The present findings provide empirical support for previously untested assumptions regarding the impact of social functioning on subsequent romantic functioning (Stokes & Kaur, 2005), and that ASD individuals may possess a strong preponderance toward behaviours that may be interpreted as stalking in their attempts to initiate social and romantic relationships (Stokes & Newton, 2004). It is apparent from the data, that peer relationships and friendships are the most important influence on social functioning, and subsequently, romantic functioning. The implication of this has been highlighted in the literature, and illustrates the necessity for the development of social skills programs that promote and include peer interaction for individuals with ASDs (Ousley & Mesibov, 1991; Realmuto & Ruble, 1999; Stokes & Kaur, 2005). As the level of social functioning predicts romantic functioning, the development and facilitation of formal programs in sex education and intimate relationship issues must contain a significant social skills component that encourages active socialisation with peers and initiation of friendships. If social skills and knowledge are not of an adequate level, the more complex sexual knowledge will not have a basis to build from, and may be extraneous at that point. As there is a risk of legal contact due to ASD individuals’ frequent inappropriate and intrusive courtship behaviours, enforcement and judicial agencies must become familiar with the symptoms and deficits of ASD in older adolescence and adulthood, as it does cause significant social difficulties and individuals’ behaviours are often in conflict with prevailing societal and legal norms. An awareness and recognition is required, that the contribution of the social impairments of ASD combined with a strong desire for attachment and relationships could lead to illegal behaviour, therefore appropriate interventions need to be employed (Howlin, 1997; Stokes & Newton, 2004).

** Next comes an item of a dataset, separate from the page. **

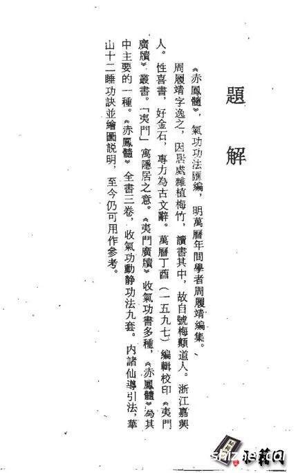 《赤凤髓》Q功功法汇编,明万历年间学者周履靖编集,周履靖字逸之,因居处种植梅竹,读书其中,故自号梅颠道人,
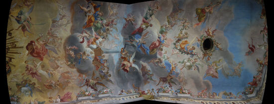 Das Fresko zeigt einen himmlischen Frauenchor, der zum Empfang der Pfarrpatronin hl. Katharina von Alexandrien singt und spielt. Es ist das wichtigste Beispiel für barocke lllusionsmalereien in der Steiermark.

The present study revealed that there is a difference between typical adolescents and adults and those with ASDs in social and romantic learning sources, and level of social and romantic functioning, which is consistent with the nature of the condition and its developmental implications. In addition, it was found that relationships and friendships are integral to the development of adequate social functioning, and that in turn, social functioning plays an important role in the development of romantic functioning for ASD individuals. ASD individuals are indiscriminate in the types of people they target to pursue interpersonal relationships with, and in the types of behaviours they display in such attempts. They tend to display a higher than expected level of inappropriate and intrusive behaviours, consistent with stalking, across all types of targets of interest. This research has empirically identified issues of concern that have not yet been addressed in the literature, and provided clarity as to specific influences on ASD individuals’ social and romantic functioning and behaviours. The significant role of peer relationships and friendships in the development of adequate social functioning indicates that this is an aspect to be emphasized in social skills programs, and that these should also be present in any sexual education program as social functioning is indicative of level of romantic functioning. As the prevalence of ASD is increasing (Fombonne, 2003; Prior, 2003), researchers, clinicians, the general community, and the legal system will come across more and more individuals with ASD in the course of their daily work and personal lives. Thus, an awareness and understanding of the inherent lack of social competence and often inappropriateness is necessary to effectively manage these individuals without being punitive.